- The data:
______________________________

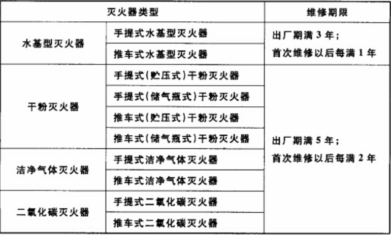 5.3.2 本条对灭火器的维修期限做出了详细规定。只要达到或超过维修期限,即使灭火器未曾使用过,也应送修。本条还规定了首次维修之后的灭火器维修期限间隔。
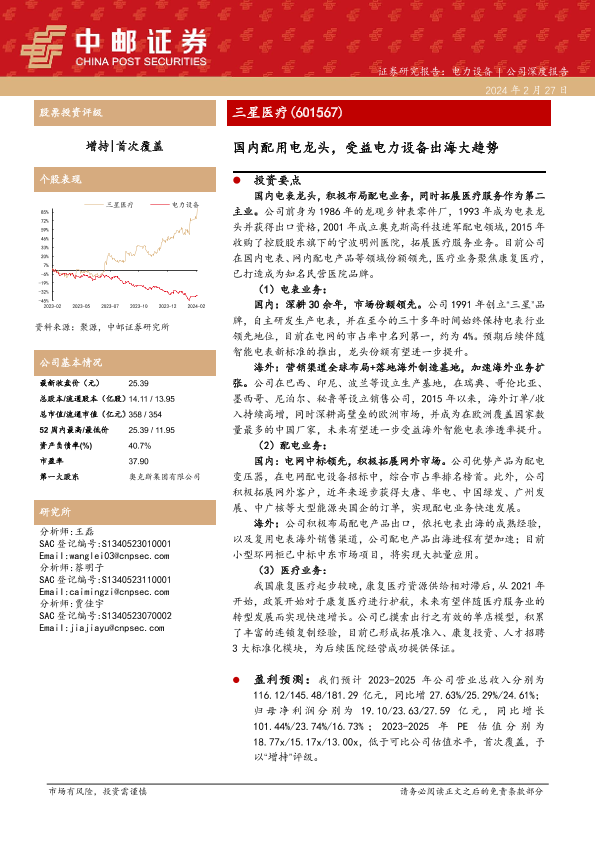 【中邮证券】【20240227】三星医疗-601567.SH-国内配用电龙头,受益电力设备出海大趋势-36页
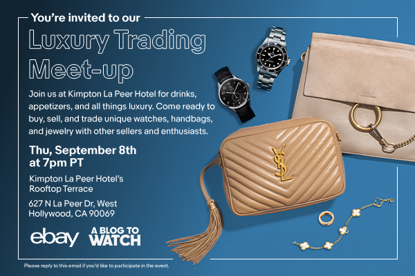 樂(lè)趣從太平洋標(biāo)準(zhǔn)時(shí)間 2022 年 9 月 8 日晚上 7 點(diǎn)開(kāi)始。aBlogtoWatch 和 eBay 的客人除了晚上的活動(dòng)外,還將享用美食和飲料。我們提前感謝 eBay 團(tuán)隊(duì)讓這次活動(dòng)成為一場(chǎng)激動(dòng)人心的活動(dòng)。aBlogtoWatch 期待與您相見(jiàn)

______________________________

- Task:
Print the listing exactly, but skip its pictures.

- Task solution:
 5.3.2 本条对灭火器的维修期限做出了详细规定。只要达到或超过维修期限,即使灭火器未曾使用过,也应送修。本条还规定了首次维修之后的灭火器维修期限间隔。
 【中邮证券】【20240227】三星医疗-601567.SH-国内配用电龙头,受益电力设备出海大趋势-36页
 樂(lè)趣從太平洋標(biāo)準(zhǔn)時(shí)間 2022 年 9 月 8 日晚上 7 點(diǎn)開(kāi)始。aBlogtoWatch 和 eBay 的客人除了晚上的活動(dòng)外,還將享用美食和飲料。我們提前感謝 eBay 團(tuán)隊(duì)讓這次活動(dòng)成為一場(chǎng)激動(dòng)人心的活動(dòng)。aBlogtoWatch 期待與您相見(jiàn)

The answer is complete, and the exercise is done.